We've all been there, am I right?

In Sergio Martino's 1979 mad science horror flick Island of the Fishmen, naval lieutenant Claude de Ross is having one of those kinds of days. First, the prison ship on which he is the chief medical officer sinks, leaving him in a lifeboat with a group of convicts he freed as the ship was going down, and who are mostly unappreciative of his heroism. Next, the lifeboat is scuttled by some mysterious, barely-seen creatures below the waves, casting all the castaways onto the rocky shore of a godforsaken jungle island. One of the thirst-mad survivors perishes drinking toxic water from a volcanic pool, and another is gorily slain by yet another half-glimpsed monstrosity.

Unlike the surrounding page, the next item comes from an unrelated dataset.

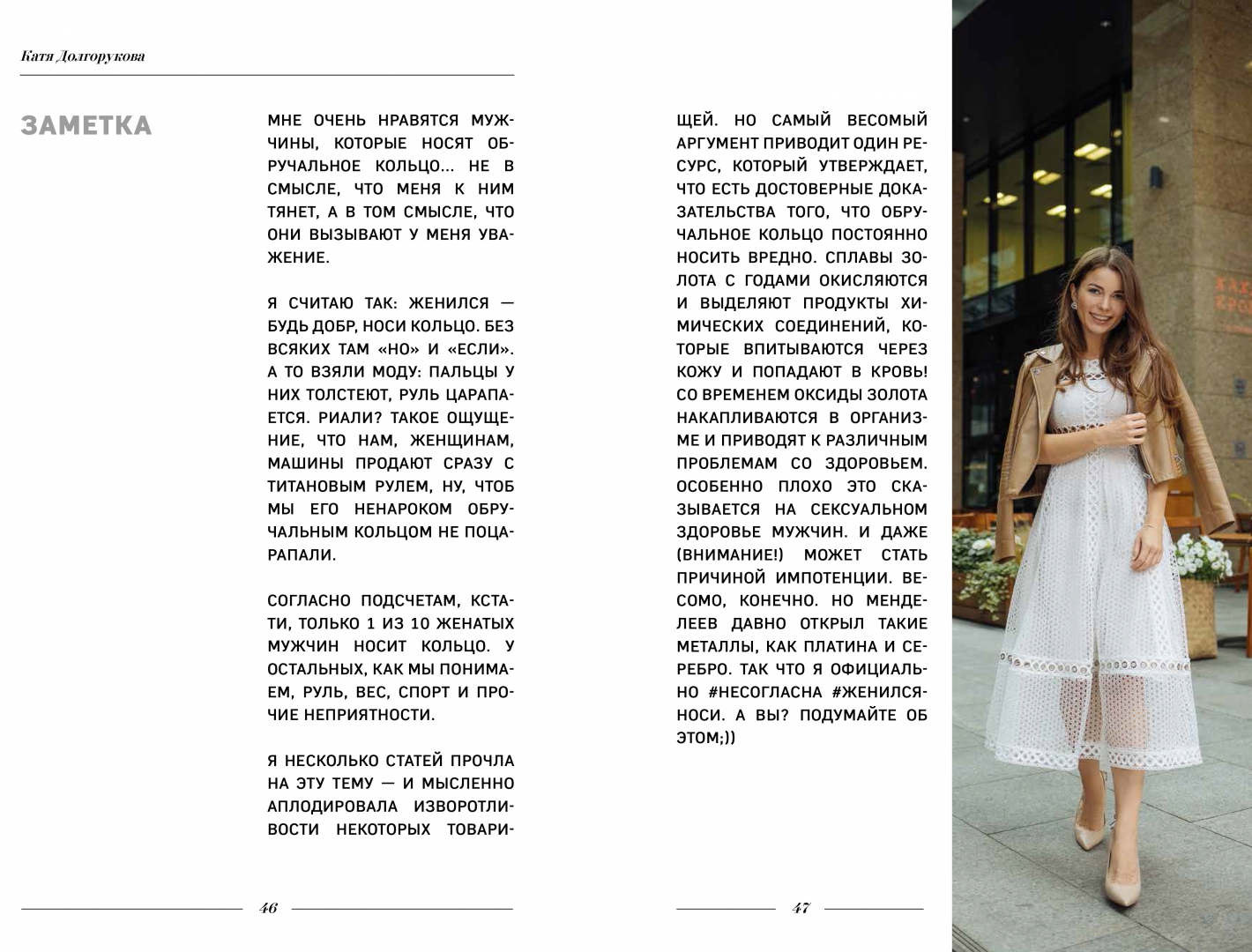 ОписаниеКто из нас после первого свидания мысленно не выходил замуж за мужчину? Не представлял себя в подвенечном платье? Не примерял его фамилию и не придумывал новую подпись в паспорте? Кто из нас не размышлял, какие у вас будут дети, путешествия, дом и старость? Конечно, это все безобидные фантазии,но мало кто умеет обуздать их, когда мужчина вас заинтересовал, расположил к себе, не дай Бог, начал красиво ухаживать, а потом пропал. Нет его, и все тут. И ощущение, что бросили. Больно, обидно, неприятно, но по факту — никто нас не бросал. С нами просто не захотели продолжения. О таких и не только о таких свиданиях из своей жизни рассказывает блогер, мама и просто удивительная девушка Катя Долгорукова @dolgorukova.Кто из нас после первого свидания мысленно не выходил замуж за мужчину? Не представлял себя в подвенечном платье? Не примерял его фамилию и не придумывал новую подпись в паспорте? Кто из нас не размышлял, какие у вас будут дети, путешествия, дом и старость? Конечно, это все безобидные фантазии,но мало кто умеет обуздать их, когда мужчина вас заинтересовал, расположил к себе, не дай Бог, начал красиво ухаживать, а потом пропал. Нет его, и все тут. И ощущение, что бросили. Больно, обидно, неприятно, но по факту — никто нас не бросал. С нами просто не захотели продолжения. О таких и не только о таких свиданиях из своей жизни рассказывает блогер, мама и просто удивительная девушка Катя Долгорукова @dolgorukova.

Then things get REALLY bad.

The Stinkeye Bass Does Not Approve

After saving fat convict Jose from drinking the poisonous water, Claude leads the remaining convicts further inland, looking for civilization. They don't find that exactly, but they do find a Burmese Tiger Trap, which kills another convict and leaves the lieutenant dangling from a vine for his life. Bad Con Peter wants to let the doc die, but grateful Jose overpowers him and rescues Claude from death by pointy sticks. They wander into an abandoned cemetery, where the graves are all ominously empty, and there encounterAmanda Marvin, an aristocratic Eurobabe with excellent horseback riding/snake shooting skills.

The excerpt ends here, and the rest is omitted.